┌─ Exercise data

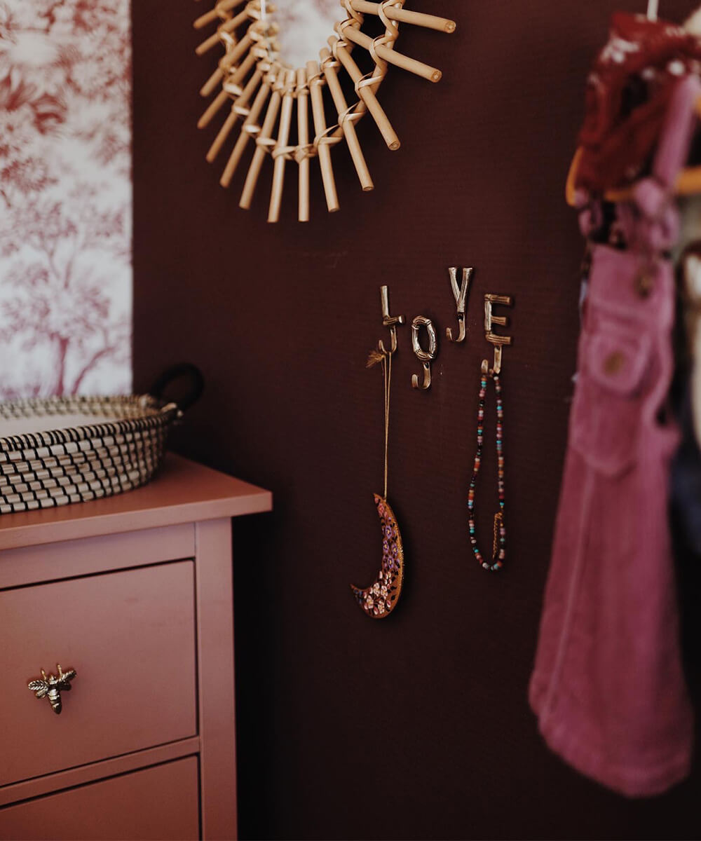 Denna vackra klädhängarset Love från Doing Goods är handgjord av återvunnen mässing med en elegant bambulook. De fyra individuella bokstäverna ger varje person i hemmet sin egen krok, vilket skapar både ordning och personlighet i hallen eller garderoben.
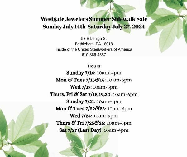 Westgate Jewelers has relocated from the Westgate Mall on Schoenersville Road to The United Steelworkers Building in Historic Bethlehem, PA. Our new location offers a massive area to host our highly anticipated sidewalk sale!
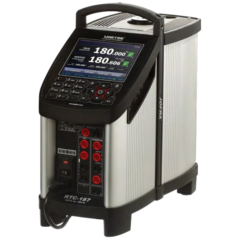 - Calibrador de temperatura de referencia RTC-A. Calibrador de temperatura de referencia RTC-B con entrada para sensor de referencia, sensor DLC y sensores bajo prueba.
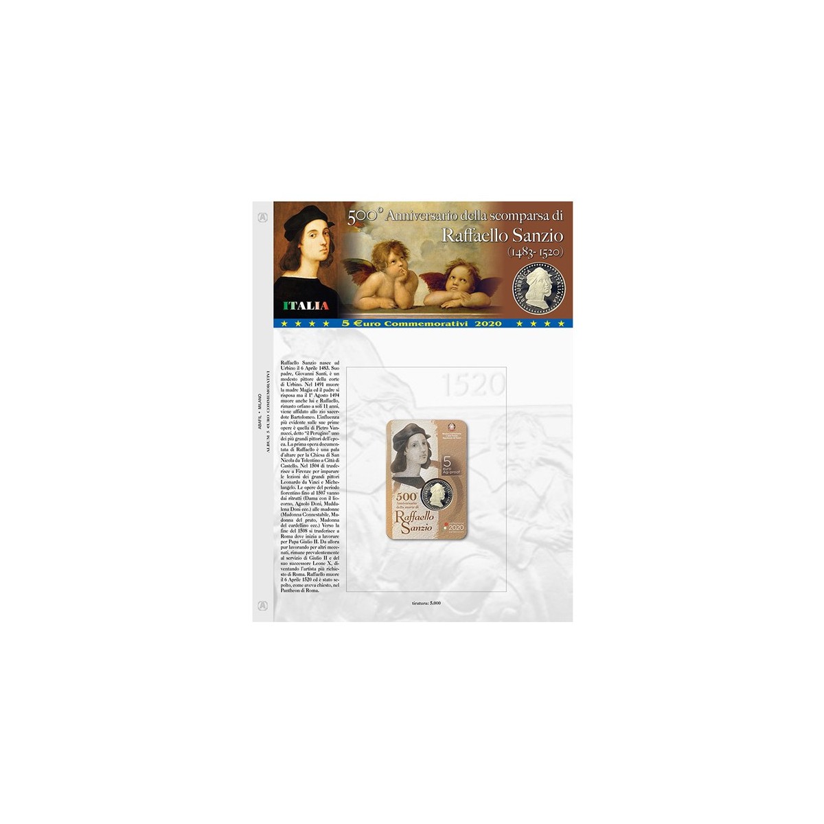 Foglio per il 5€ commemorativo di Italia

└─

_Brief_
Hand back every line of the material, exactly, without the pictures.

_Problem solution_
 Denna vackra klädhängarset Love från Doing Goods är handgjord av återvunnen mässing med en elegant bambulook. De fyra individuella bokstäverna ger varje person i hemmet sin egen krok, vilket skapar både ordning och personlighet i hallen eller garderoben.
 Westgate Jewelers has relocated from the Westgate Mall on Schoenersville Road to The United Steelworkers Building in Historic Bethlehem, PA. Our new location offers a massive area to host our highly anticipated sidewalk sale!
 - Calibrador de temperatura de referencia RTC-A. Calibrador de temperatura de referencia RTC-B con entrada para sensor de referencia, sensor DLC y sensores bajo prueba.
 Foglio per il 5€ commemorativo di Italia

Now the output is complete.